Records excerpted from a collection
- Opening Delimiter -

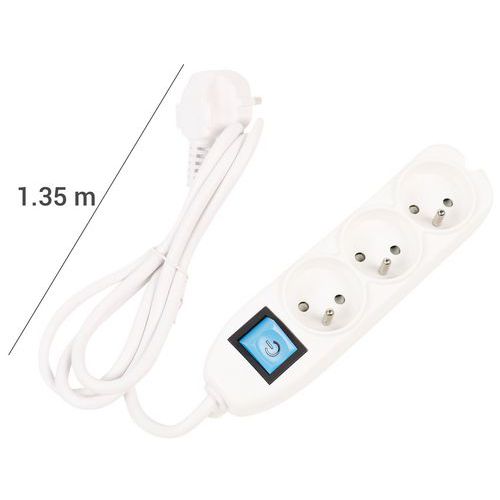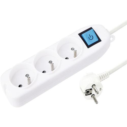 | Tavaranimike | 3-osainen jatkojohto ja kytkin, NF, 230 V, Virta: 16 A, Kytkin: kyllä, Pistorasioiden lukumäärä: 3 |
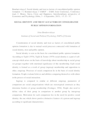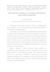 - Bondarevskaya, Irina (orcid.org/0000-0002-7006-0979) (2015) Social identity and trust as factors of consolidated public opinion formation In: Psychology and Economics together for a better life Book of Abstracts, Conference Track: Money, Stress, Crisis and Happiness , 2 . Lucian Blaga University of Sibiu, c.Sibiu, Romania, pp. 53-57. ISBN 978-606-12-1072-5
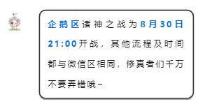 修真者们注意啦,本次诸神之战企鹅区率先开战,大家千万不要错过。快来和呆毛一起看看赛事相关信息吧~
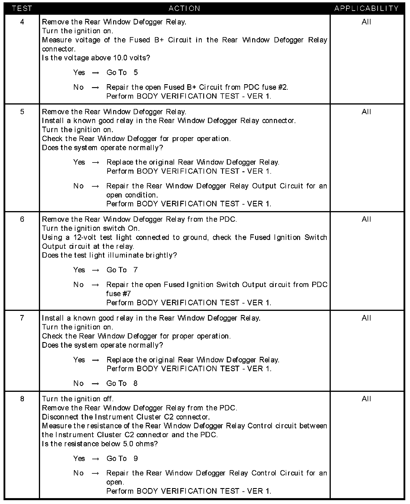 - Rear window defogger relay output open
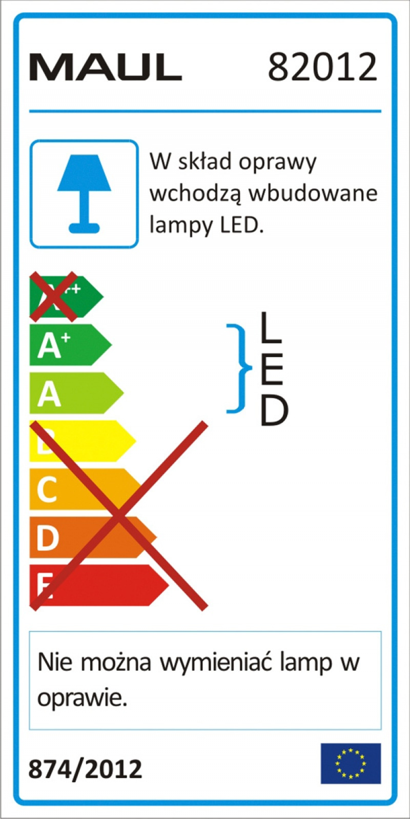 posiada 1 wysokowydajną żarówkę LED, wbudowaną, niewymienną
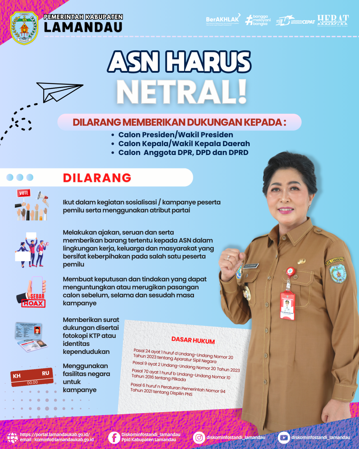 Pegawai ASN di lingkungan Pemerintah Kabupaten Lamandau wajib menjaga dan menegakkan prinsip netralitas ASN dalam pemilihan umum dan pemilihan serentak Tahun 2024, menghindari konflik kepentingan dengan tidak melakukan praktik-praktik intimidatif atau ancaman kepada pegawai ASN dan seluruh elemen masyarakat serta tidak memihak kepada salah satu peserta pemilu, menggunakan medsos secara bijak, serta menolak politik uang dan menolak segala jenis pemberian dalam bentuk apapun.
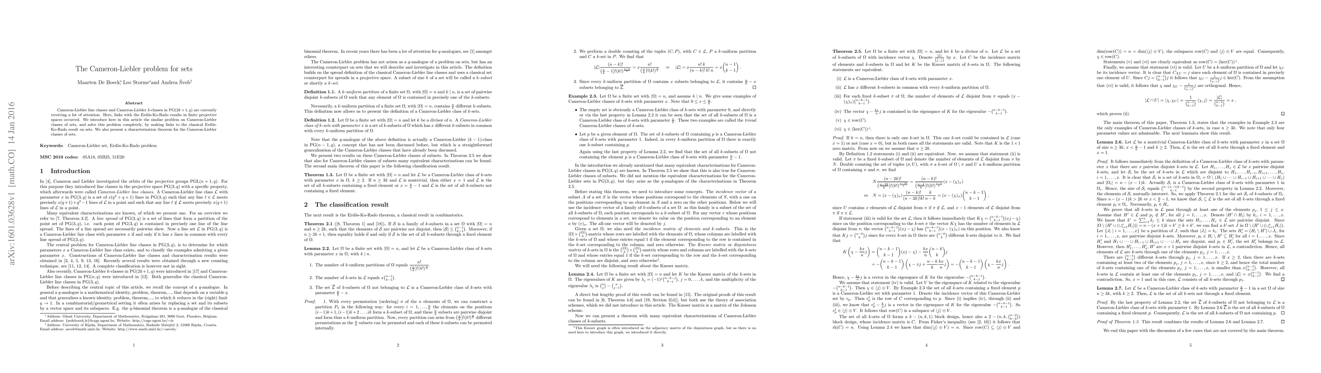 The paper investigates Cameron-Liebler classes of sets, introducing a set counterpart to the Cameron-Liebler line classes in projective spaces, and linking it to the classical Erdős-Ko-Rado theorem.
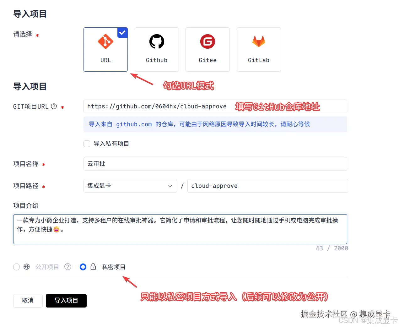 进入 GitCode 主页,点击右上角的+新建后选择导入项目,在新开页面中选择URL,然后填写 GitHub 的仓库地址,最后点击导入项目,等待几秒钟即可完成👍。
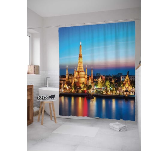 Штора (занавеска) для ванной JoyArty "Ночь в огнях" из сатена, 180х200 см с крючками, sc_12177
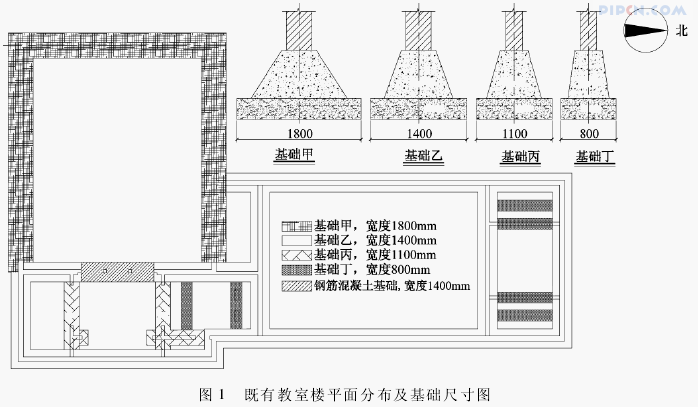 整栋楼建筑平面呈“L” 形,东西向总长39. 65m,南北向总宽 23. 13m,为二层坡屋顶砖混结构,檐口高度 10. 55m (绝对高程 53. 85m)。室内地坪最低处标高 43. 47m,室内地坪最高处标高44. 57m,室外地坪标高 43. 30m。红色砖砌外墙,素混凝土条形基础,埋深约 1. 0m (下部 300mm 厚毛石混凝土,上部 700mm 厚 90 号素混凝土),基础宽度 分 别 为 1. 8m、1. 4m、1. 1m 及 0. 8m 四 种(见图 1)。
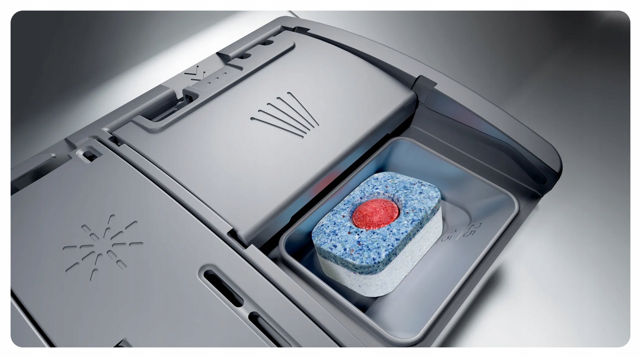 Dosing Assistant використовується для оптимізації ефекту таблеток для миття посуду. Таблетка падає прямо в спеціальний контейнер у верхньому кошику, де послідовно та контрольовано розчиняється. Правильно змішаний з водою миючий засіб діє на посуд з більшою силою, гарантуючи ідеальний результат миття при кожному завантаженні.

- Closing Delimiter -

» **What to produce**
The stretch above running from the line with "修真者们注意啦,本次诸神之战" through the line with "8m 四 种(见图 1)。" is all you should copy, exactly, leaving out the pictures.

» **Solution for this exercise**
 修真者们注意啦,本次诸神之战企鹅区率先开战,大家千万不要错过。快来和呆毛一起看看赛事相关信息吧~
 - Rear window defogger relay output open
 posiada 1 wysokowydajną żarówkę LED, wbudowaną, niewymienną
 Pegawai ASN di lingkungan Pemerintah Kabupaten Lamandau wajib menjaga dan menegakkan prinsip netralitas ASN dalam pemilihan umum dan pemilihan serentak Tahun 2024, menghindari konflik kepentingan dengan tidak melakukan praktik-praktik intimidatif atau ancaman kepada pegawai ASN dan seluruh elemen masyarakat serta tidak memihak kepada salah satu peserta pemilu, menggunakan medsos secara bijak, serta menolak politik uang dan menolak segala jenis pemberian dalam bentuk apapun.
 The paper investigates Cameron-Liebler classes of sets, introducing a set counterpart to the Cameron-Liebler line classes in projective spaces, and linking it to the classical Erdős-Ko-Rado theorem.
 进入 GitCode 主页,点击右上角的+新建后选择导入项目,在新开页面中选择URL,然后填写 GitHub 的仓库地址,最后点击导入项目,等待几秒钟即可完成👍。
 Штора (занавеска) для ванной JoyArty "Ночь в огнях" из сатена, 180х200 см с крючками, sc_12177
 整栋楼建筑平面呈“L” 形,东西向总长39. 65m,南北向总宽 23. 13m,为二层坡屋顶砖混结构,檐口高度 10. 55m (绝对高程 53. 85m)。室内地坪最低处标高 43. 47m,室内地坪最高处标高44. 57m,室外地坪标高 43. 30m。红色砖砌外墙,素混凝土条形基础,埋深约 1. 0m (下部 300mm 厚毛石混凝土,上部 700mm 厚 90 号素混凝土),基础宽度 分 别 为 1. 8m、1. 4m、1. 1m 及 0. 8m 四 种(见图 1)。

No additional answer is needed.